Please note that customized logging level is also a new feature introduced in SQL 2016 CTP 2.3. Later there should be another blog talking about more details about this feature.
Improvement on Public API
We also provide related public APIs so that customers can build their own related solutions on top of the APIs. First, a new method is added to the interface IDTSComponentMetaData100 to get the indetification string based on the int column ID:
string GetIdentificationStringByID(int lID);
It can be accessed both in the component base class PipelineComponent and Script Component, so that both 3rd components developer and SSIS package developer can leverage this method to get the identification string according to a column ID.
In addition, a new read only string property LineageIdentificationString is added in the interfaces IDTSInputColumn100 and IDTSOutputColumn100. This property is also exposed in Advanced Editor.
Below is an example to showcase how to leverage the new method GetIdentificationStringByID in Script Component to get the identification string of the error column.
- Before creating the new Script Component, configure an upstream component in the data flow to redirect rows to its error output when an error or truncation occurs.
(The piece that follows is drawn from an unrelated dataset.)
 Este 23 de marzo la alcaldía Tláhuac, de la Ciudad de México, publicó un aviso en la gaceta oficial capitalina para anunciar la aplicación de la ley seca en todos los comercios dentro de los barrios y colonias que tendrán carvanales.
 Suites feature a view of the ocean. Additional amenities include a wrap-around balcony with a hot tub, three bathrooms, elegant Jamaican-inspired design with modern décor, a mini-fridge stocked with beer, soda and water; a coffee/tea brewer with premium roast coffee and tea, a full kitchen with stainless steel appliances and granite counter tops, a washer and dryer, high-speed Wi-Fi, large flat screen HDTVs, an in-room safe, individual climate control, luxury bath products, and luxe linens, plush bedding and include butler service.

For testing purposes, you may want to configure a component in a manner that ensures that errors will occur. For example, by configuring a Lookup transformation between two tables where the lookup will fail.
- Add a new Script Component to the Data Flow designer surface and configure it as a transformation.
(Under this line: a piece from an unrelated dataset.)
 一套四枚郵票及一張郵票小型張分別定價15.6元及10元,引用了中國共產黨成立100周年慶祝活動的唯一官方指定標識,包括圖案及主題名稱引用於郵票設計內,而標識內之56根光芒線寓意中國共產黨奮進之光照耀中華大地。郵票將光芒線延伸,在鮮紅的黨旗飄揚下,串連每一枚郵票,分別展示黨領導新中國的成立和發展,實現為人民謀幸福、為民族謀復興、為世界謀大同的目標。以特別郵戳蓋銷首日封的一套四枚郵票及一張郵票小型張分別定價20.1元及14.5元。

- Connect the error output from the upstream component to the new Script Component.
- In the Script Transformation Editor, on the Input Columns page, select the ErrorColumn column.
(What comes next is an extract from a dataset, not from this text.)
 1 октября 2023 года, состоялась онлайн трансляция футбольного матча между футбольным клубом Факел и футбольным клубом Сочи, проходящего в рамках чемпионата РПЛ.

- On the Inputs and Outputs page, add a new output column of type String named “ErrorColumnDescription”. Increase the default length of the new column to 255 to support long identification string.
- Open the Script Transformation Editor, and on the Script page, for the ScriptLanguage property, select the script language.
- Click Edit Script to open the Microsoft Visual Studio Tools for Applications (VSTA) IDE and add the sample code shown below.
- Close VSTA.
- Close the Script Transformation Editor.
- Attach the output of the Script Component to a suitable destination. A Flat File destination is the easiest to configure for ad hoc testing.
- Run the package.
public class ScriptMain : UserComponent
{
……
public override void Input0_ProcessInputRow(Input0Buffer Row)
{
Row.ErrorColumnDescription =
this.ComponentMetaData.GetIdentificationStringByID(Row.ErrorColumn);
}
}
Conclusion
ErrorColumn is an important information in pipeline error diagnostic. However, in previous versions of SSIS, customers don’t have any easy way to make use of such information. This blog has introduced several improvements we have made on ErrorColumn, which have covered design time and runtime diagnostic with ErrorColumn, and we have also provided public APIs to help customers easily implement their own scenarios related to ErrorColumn.